Here you find the details of analysis settings options.
4. Language Recognition & Mixed Language Analysis
1. Text Splitting
Text splitting is the basis of every text analysis process, therefore it is the very first thing to do when starting any analysis. It defines what the smallest independent unit of our analysis will be. Text splitting uses the punctuation in the text, and thus splitting the text into subsentences is the most intuitive method in NLP solutions. For any given Zurvey.io analysis, splitting the text into subsentences is the default scenario. However, there are two other possibilities: sentences and paragraphs. This can be set right before starting an analysis.
Changing the method of text splitting has consequences in entity oriented sentiment analysis (more on that in Entity oriented sentiment analysis) and custom label recognition when using the AND operator (more on that in custom label Creation and management).
When the smallest examined element of the text analysis is the subsentence, topics are only influenced by the sentiment values of the sentiment phrases occurring in the same subsentence, giving an intuitive result as in the following example. The topic product bears the sentiment value of itself works great - the two being in the same subsentence, therefore the sentiment score of the topic product is +2. The topic job is in a subsentence with no recognized sentiment phrase, thus the topic itself has a neutral sentiment score, while the topic customer service is negative due to the negative sentiment value of the phrase is unsatisfactory within the same subsentence.
After changing the text splitting to sentence, our example looks as follows. Now the borders of subsentences don’t apply, so every sentiment phrase influences the sentiment score of every topic within the same sentence. Now the topic job has a positive sentiment score due to the sentiment phrase itself works great in the same sentence.
If we change the text splitting method to paragraph, it further changes our example. Now even the borders of sentences don’t apply and every sentiment phrase influences the sentiment score of every topic within the same paragraph. This time all the recognized topics are neutral because their sentiment score is calculated by adding up all the sentiment phrases in the paragraph.

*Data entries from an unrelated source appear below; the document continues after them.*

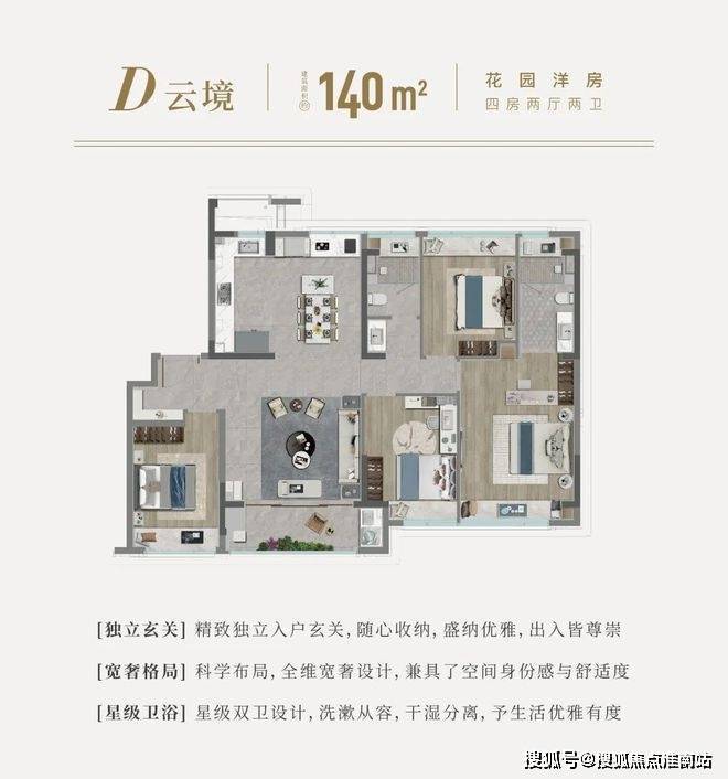 国印东方售楼处电话/地址:400-8818-994【官网】✅✅✅约140平方米4房2厅2卫,四开间朝南,通透敞亮;半开放式的U型厨房,空间感更开阔,切配更舒适便捷,一体化中西双厨设计,给予生活多一种选择,与家人分享多一种美味;
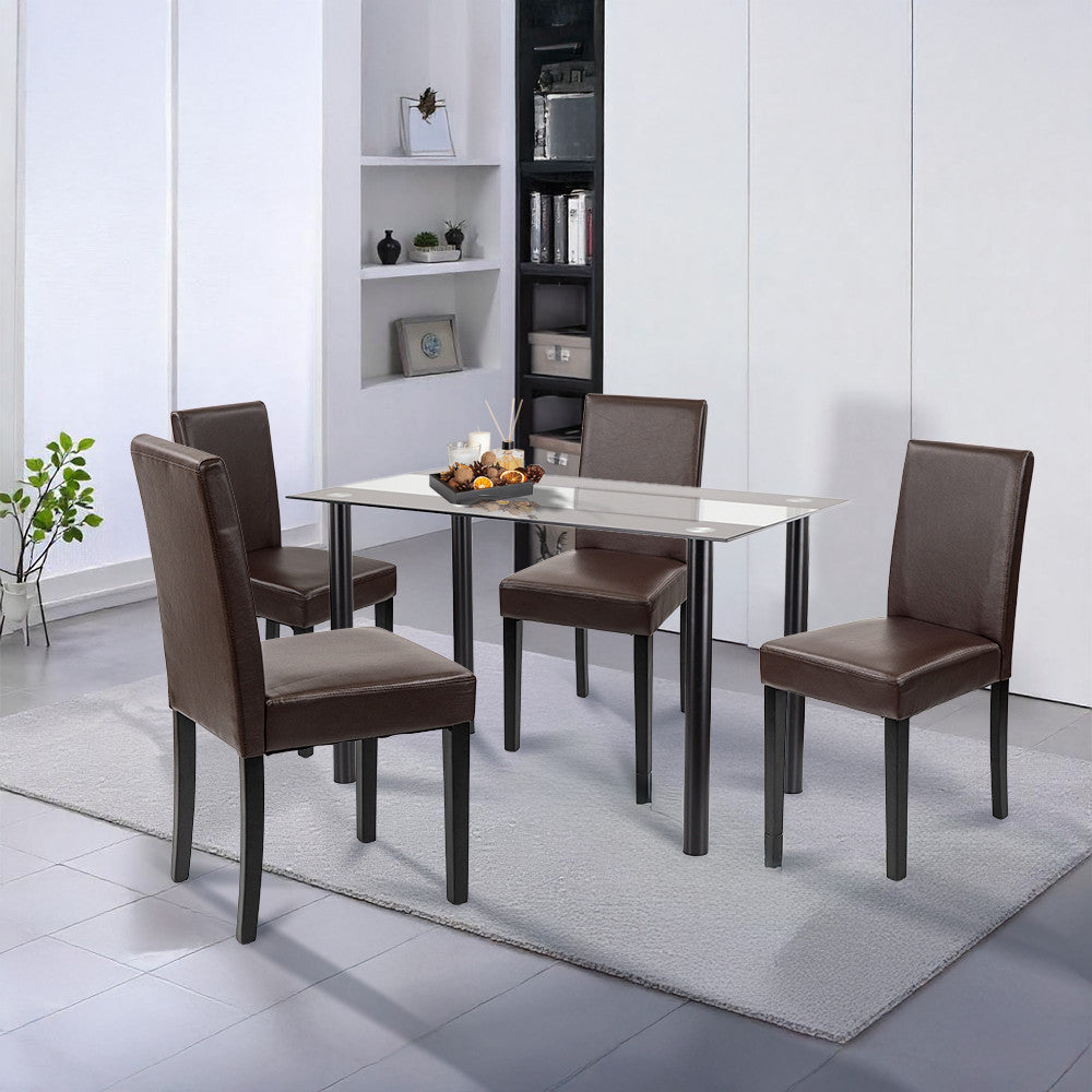 A szett négy darab Leziter Kelly széket is tartalmaz, amelyek barna ECO bőr kárpitozással készültek. Az elegáns megjelenés mellett ezek a székek rendkívül könnyen tisztíthatók. A 4 cm vastag habszivacs ülőfelület hosszabb étkezések során is komfortot nyújt, a stabil fenyőfa lábak pedig 120 kg teherbírással garantálják a hosszú távú megbízhatóságot.
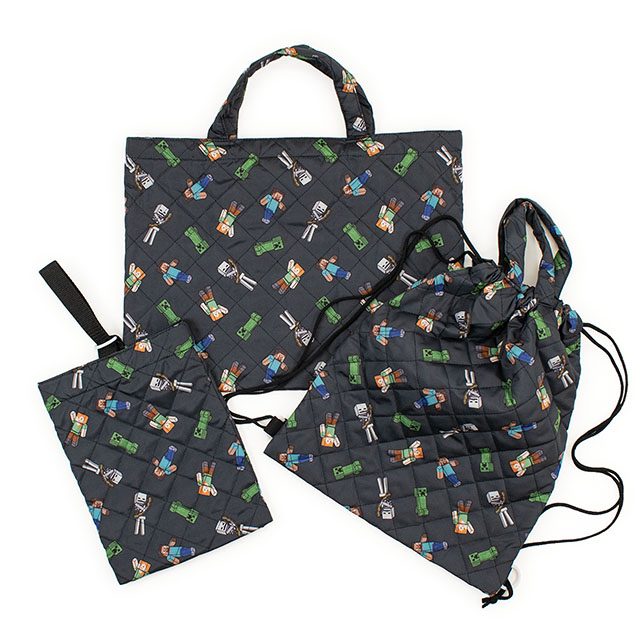 お子様に人気のマインクラフトのレッスンバッグ、シューズケース、ナップサックの三点セットです。
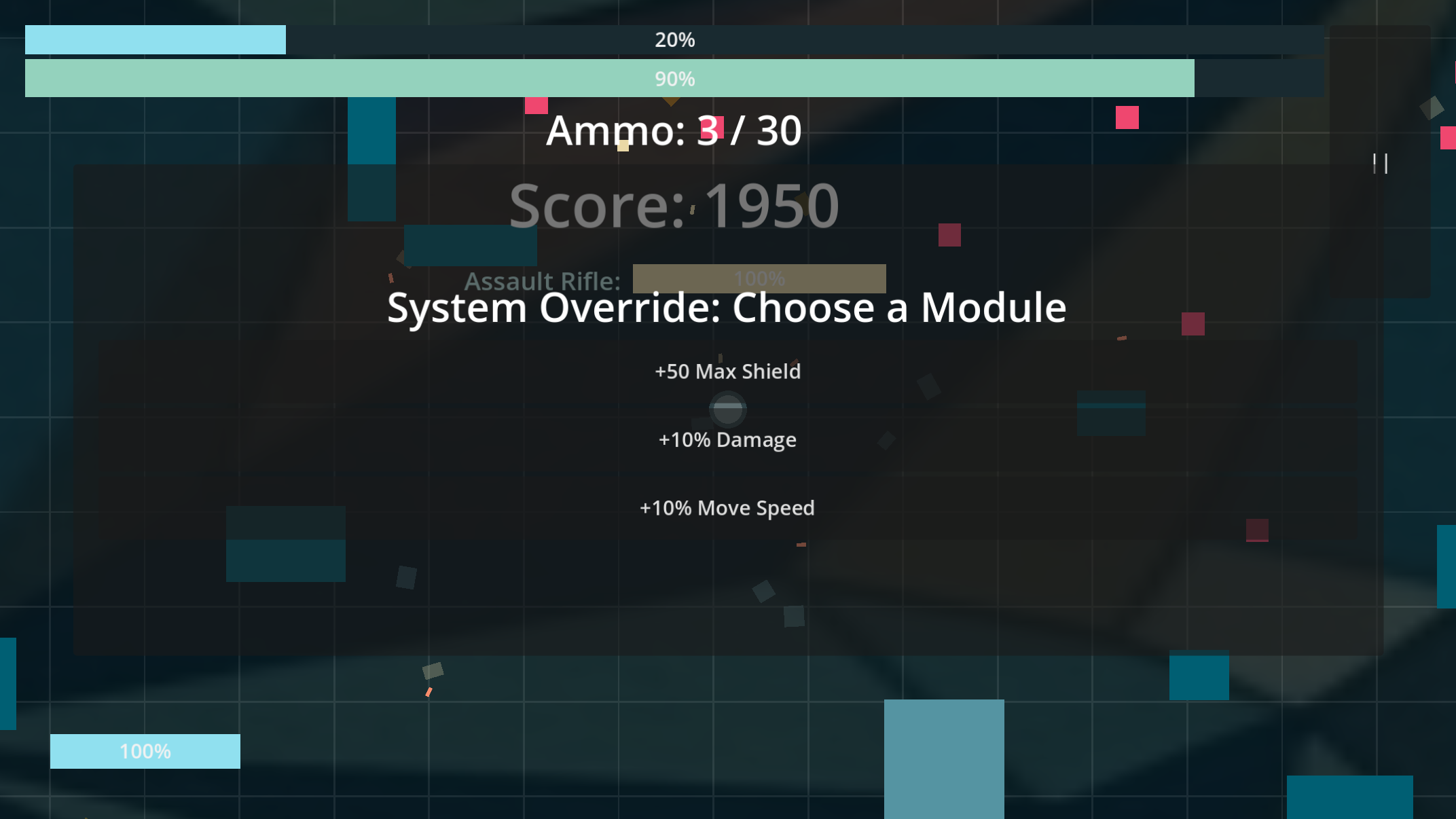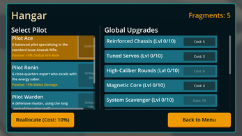 Survive endless waves of hostile programs in a chaotic digital arena. Evolve on the fly with powerful in-run upgrades, collect Data Fragments from your fallen enemies, and use them in the Hangar to upgrade your core code permanently.

Based on the above examples, we can conclude that splitting the text into subsentences is really the most intuitive way of analyzing the text regarding entity oriented sentiment analysis. However, there is another case when changing the text splitting method comes in handy: the usage of custom labels and the AND operator. The two or more parts of the synonym or excluded phrase connected with the AND operator can only be a hit if all said parts are within the same subsentence, sentence or paragraph, depending on which one we chose before starting the analysis (more on that in custom label Creation and management).
2. Accented Characters
When working with texts that may contain accented characters, you need to decide if you want to replace those characters with their non-accented counterparts for the analysis or not. The replacement only affects the analysis in the background, the text will be displayed in its original form on the portal and in the exports as well. By default, replacing the accented characters is turned on when starting a new analysis.
Replacing the accented characters can make a difference when users type consistently without accents or when unexpected accents appear in the text due to misspellings. For example, in the following Hungarian mention we are faced with unexpected accents on the character e. (The mention means: +2 hours would not increase the efficiency, I would work that much less.) When the accented characters are replaced by their non-accented counterparts for the analysis, the sentiment is correctly recognized (would not increase the efficiency as negative) and the topic hatékonyság (efficiency) is also correctly recognized.
However, when replacing is switched off, neither the sentiment nor the topic is recognized, as hatèkony is not a synonym of the topic hatékonyság and the sentiment lexicon does not contain unexpected accented versions of phrases.
We do not recommend switching this setting off unless you are certain that your textual input is clean and does not contain misspelled words with unexpected accents.
3. Lowercase Conversion
In addition to replacing accented characters, you have the option to choose whether text analysis should consider uppercase characters or convert all text to lowercase. By default, this option is enabled, but it's worth noting that in specific scenarios, it may impact the accuracy of entity recognition, particularly for brands.
For instance, consider the example of "Dove." It is only recognized when written in uppercase, as demonstrated in the example.
It's crucial to highlight that for sentiment analysis, all text will be converted to lowercase. In this context, the choice between uppercase and lowercase has no bearing on precision.
4. Language Recognition & Mixed Language Analysis
Zurvey.io’s NLP engine is capable of automatic language recognition. It can be useful if the analyzed document has verbatims of various languages, if we expect answers for our survey in more than one language or we are not sure what language the answers will use. The examined unit for language recognition is the verbatim, the whole verbatim will be recognized as written in one language. If the verbatim itself contains words from various languages, the language present in the largest proportion will be recognized.
Automatic language recognition can be triggered by choosing the Mixed option for language before starting an analysis.
Automatic language recognition is fully compatible with multilingual custom labels (more on that in custom label Creation and management).